Find the tangent line to a curve at a given value

A common early calculus problem is finding the tangent line to a curve at a given value. Consider the following problem:

Find the equation of the tangent line at x = -1 to the following curve:

f(x) = 3x³ + 7x² - 8x - 4

First you need to find the derivative in order to find the slope of the tangent line. In case you don't remember derivatives, here is how basic derivatives work:

• If f(x) = x^a, then the derivative f '(x) = ax^(a-1).
• So, you bring the exponent down as a multiplier and then subtract 1 from the exponent.
• There are some exceptions, but that is how to do derivatives in general.
• If f(x) = x, that is x¹. So f '(x) = 1x⁰, which is 1.
• If f(x) = 3, that is 3x⁰. So f '(x) = 0(3x^-1) = 0. The derivative of an actual number is 0.

Now back to the problem:

Find the tangent line at x = -1 to the curve f(x) = 3x³ + 7x² - 8x - 4

The derivative to find the slope of the tangent line:

f '(x) = 3(3x)² + 2(7x) - 8

f '(x) = 9x² + 14x - 8

Next we need to use the point-slope form to find the tangent line. Here it is:

y - y₁ = m(x - x₁)

We have to find y₁ and x₁ and the slope m.

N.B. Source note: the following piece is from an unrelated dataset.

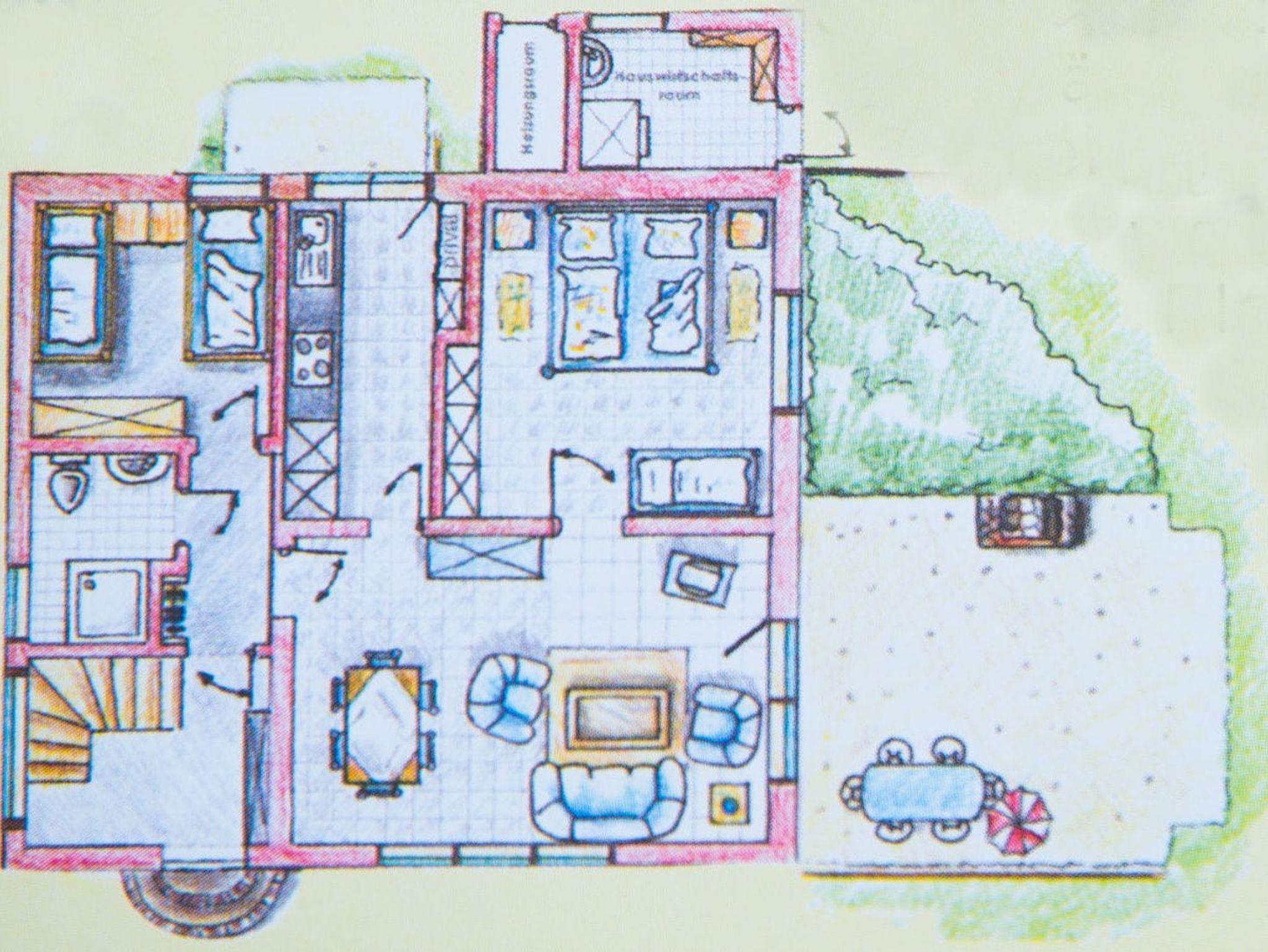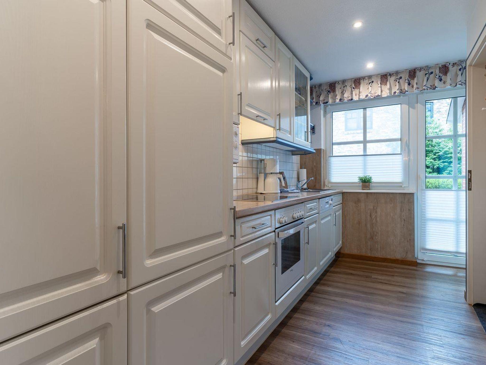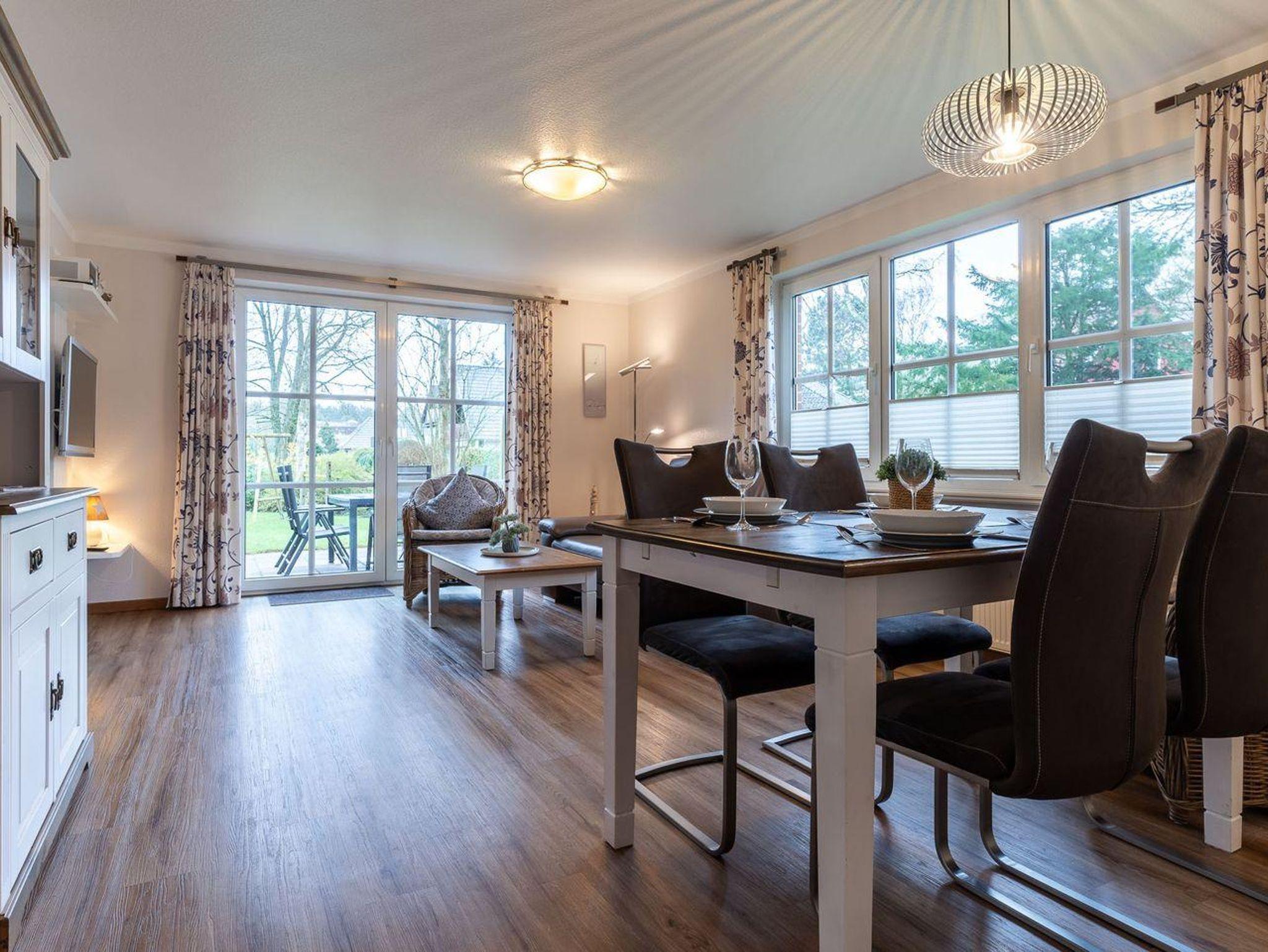 Genießen Sie den Komfort eines praktisch neuen Wohnraums in unserer kernsanierten Erdgeschosswohnung. Mit 65 qm bietet sie Platz für bis zu 5 Personen plus Kleinkind. Das Elternschlafzimmer verfügt über ein komfortables Ehebett speziell für über 2m große Gäste und ein zweites Schlafzimmer bietet ein Etagenbett und ein Einzelbett. Der großzügige Wohn- und Essbereich mit direktem Zugang zur möblierten Gartenterrasse lädt zum Verweilen ein. Dank voll ausgestatteter Küche und separater Terrasse können Sie Ihren Aufenthalt in vollen Zügen genießen.
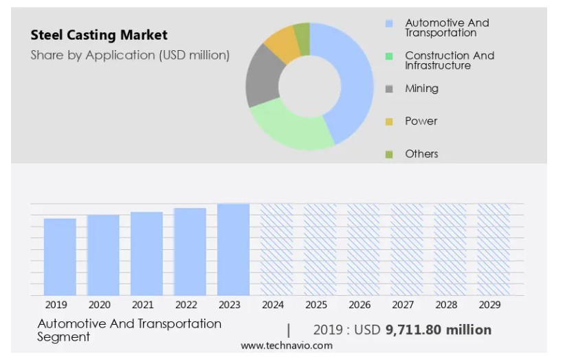 글로벌 철강 주조 시장 : 적용 분야 (자동차 및 운송, 건설 및 인프라, 광업, 전력, 기타), 한국, 아시아, 미국, 2025-2029, 시장 규모

Now, recall we want the tangent line for x = -1. Find y₁ by solving for f(x) at the given value. So, If we solve for f(x) where x = -1, we have the following:

f(-1) = 3(-1)³ + 7(-1)² - 8(-1) - 4 = -3 + 7 + 8 - 4 = 8

y₁ = 8

Since we are looking for an answer at x = -1, x₁ = -1.

And recall that the derivative is the slope. So, we solve f '(-1):

f '(-1) = 9(-1)² + 14(-1) = 9 - 14 - 8 = -13

m = -13

Finally, we plug it all into the point-slope form y - y₁ = m(x - x₁):

y - 8 = -13(x -(-1))

y - 8 = -13(x + 1)

y - 8 = -13x - 13

y - 8 + 8 = -13x - 13 + 8

y = -13x - 5

And that is the equation for the tangent line to the curve f(x) = 3x³ + 7x² - 8x - 4 at x = -1.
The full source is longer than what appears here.